C’est particulièrement le cas des universités new-yorkaises puisque la ville est liée à l’histoire du genre. La première BD a été créée par le suisse Rodolphe Töpffer et c’est à New York qu’elle a été publiée en anglais en 1842. C’est aux États-Unis que la BD se développe véritablement, et ce grâce à la presse à travers une rivalité entre deux journaux : le New York Journal et le New York World, qui ont tous deux publié la première BD à succès, The Yellow Kid, l’histoire d’un enfant du Lower East Side. Pendant longtemps, la quasi-totalité des BD américaines était imprimée à New York. Et pour cause puisque les auteurs étaient aussi new-yorkais. De nombreux créateurs étaient d’anciens newsies, la plupart étant des enfants de migrants juifs du Lower East Side qui vendaient les journaux dans les rues de la ville. Et que seraient les super-héros sans les gratte-ciels de Manhattan ? La fin des années 1930, souvent appelée l’âge d’or de la BD, a vu naître les bandes-dessinées qui avaient pour décors New York… ou une ville imaginaire y ressemblant étrangement. Gotham City, la ville fictive de Batman et de toutes les BD publiées par les éditions DC Comics, est souvent considérée comme une copie de Manhattan. De nos jours, New York accueille le New York Comic Con qui rassemble chaque année plus de monde : près de 250 000 visiteurs y ont assisté en 2018.
L’art de la BD est aussi depuis longtemps enseigné dans les écoles d’art de la ville comme SVA (School of Visual Arts), créée en 1947 et liée à l’histoire de la BD puisqu’elle s’appelait à l’origine The Cartoonists and Illustrators School. Les universités new-yorkaises de NYU, City College ou encore Columbia offrent aussi des cours portant sur la littérature graphique. L’université Columbia dispose d’un fond exceptionnel d’environ 14 000 volumes dans près de 12 langues.

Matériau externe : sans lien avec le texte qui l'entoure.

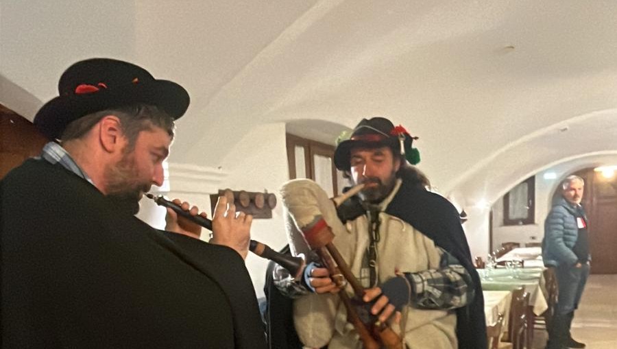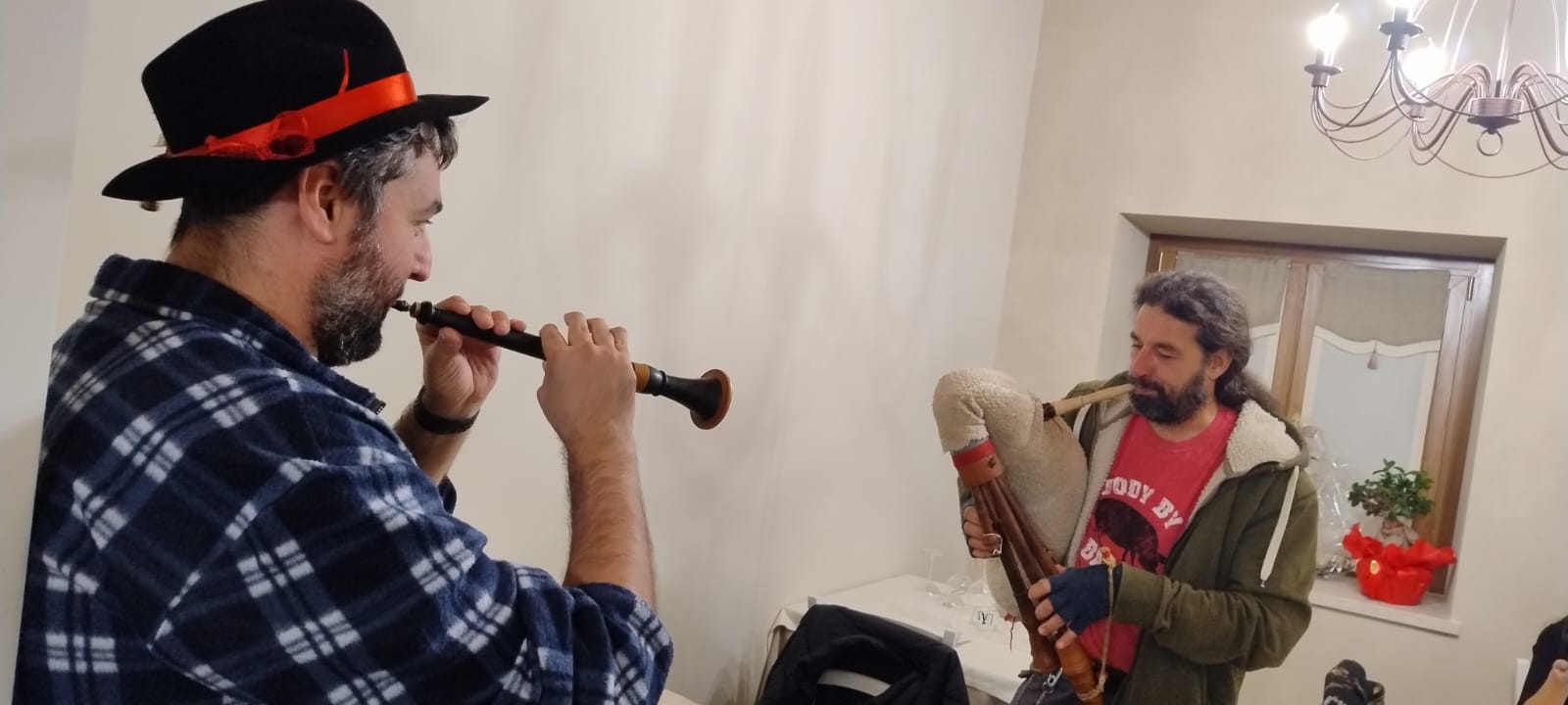 La giornata è stata impreziosita dalla musica del gruppo folk “I Caferza”, con i musicisti Simone e Giuliano che, attraverso zampogna e ciaramella, hanno ricreato atmosfere antiche, richiamando alla memoria il valore dei riti, dei suoni e delle emozioni che appartengono all’Abruzzo più genuino.
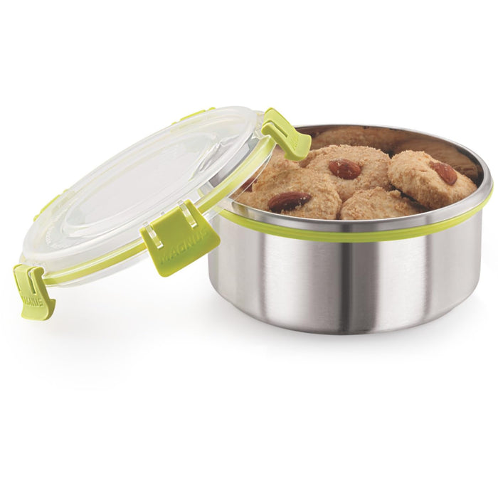 Introducing the Magnus Klip Lock Stainless Steel Airtight Leakproof Storage Container, a premium kitchen accessory designed to elevate your storage solutions. This set of four 300 ML containers is meticulously crafted to cater to your diverse storage needs, whether it's for kitchen storage boxes, lunch boxes for office men, or tiffin boxes for kids. The Magnus Klip Lock containers are fabricated from high-quality stainless steel, ensuring durability and resistance to rust and corrosion. These containers are perfect for storing a variety of kitchen accessories items, such as dry fruits, snacks, and other essentials. The airtight seal guarantees that your food remains fresh and free from contaminants, making these containers ideal for both kitchen and on-the-go use. Each container features a robust Klip Lock mechanism that provides a secure, leakproof seal, preventing spills and maintaining the integrity of your food. This makes them perfect for use as lunch boxes for office women, school lunch boxes for boys, or even a hot tiffin box for office meals. The sleek, modern design complements any kitchen decor, adding a touch of sophistication to your kitchen accessories collection. These containers are also perfect for organizing your kitchen. Use them as part of a kitchen containers set to keep your pantry neat and orderly. The airtight seal makes them ideal for storing dry fruits, snacks, and other perishables, ensuring long-lasting freshness. kitchen In summary, the Magnus Klip Lock Stainless Steel Airtight Leakproof Storage Container set is a must-have for anyone looking to enhance their kitchen storage solutions. With their durable construction, versatile use, and stylish design, these containers are perfect for various storage needs, from kitchen organization to on-the-go meals. Invest in the best with Magnus, and experience the convenience and reliability of premium kitchen accessories.

Nous avons rencontré Karen Green, bibliothécaire spécialisée en littérature graphique à la Butler Library de Columbia. Pour elle, la littérature graphique a encore de beaux jours devant elle. Et celles des femmes, en particulier. Et leur présence n’est pas nouvelle « il y a toujours eu des femmes dessinatrices de BD aux États-Unis. Je pense par exemple à Marie Severin, née en 1929 et décédée l’an dernier. Mais, jusqu’à récemment, les femmes n’étaient pas mises en valeur » nous explique Green. Heureusement, cela change aux États-Unis « dans les principales maisons d’éditions de BD comme DC Comics et Marvel, il y a de plus en plus de femmes, même si elles restent minoritaires, et le nombre d’albums mettant en scène des super-héroïnes augmente également. En revanche, dans les maisons d’éditions indépendantes, il y a beaucoup plus de femmes. » Green nous explique aussi que les cours portant sur la BD sont majoritairement suivis par des femmes « mes collègues enseignant dans les écoles d’art new-yorkaises de Pratt, Parsons et School of Visual Arts me disent souvent que 50 à 75% de leurs étudiants sont des femmes. »
Ces facteurs réunis expliquent sans doute le ton résolument féministe des dessinatrices contemporaines. Pour Karen Green, « il n’est pas exagéré de dire qu’elles sont toutes féministes et elles ont intérêt à l’être dans un milieu si longtemps dominé par les hommes ! ». Longue vie aux dessinatrices !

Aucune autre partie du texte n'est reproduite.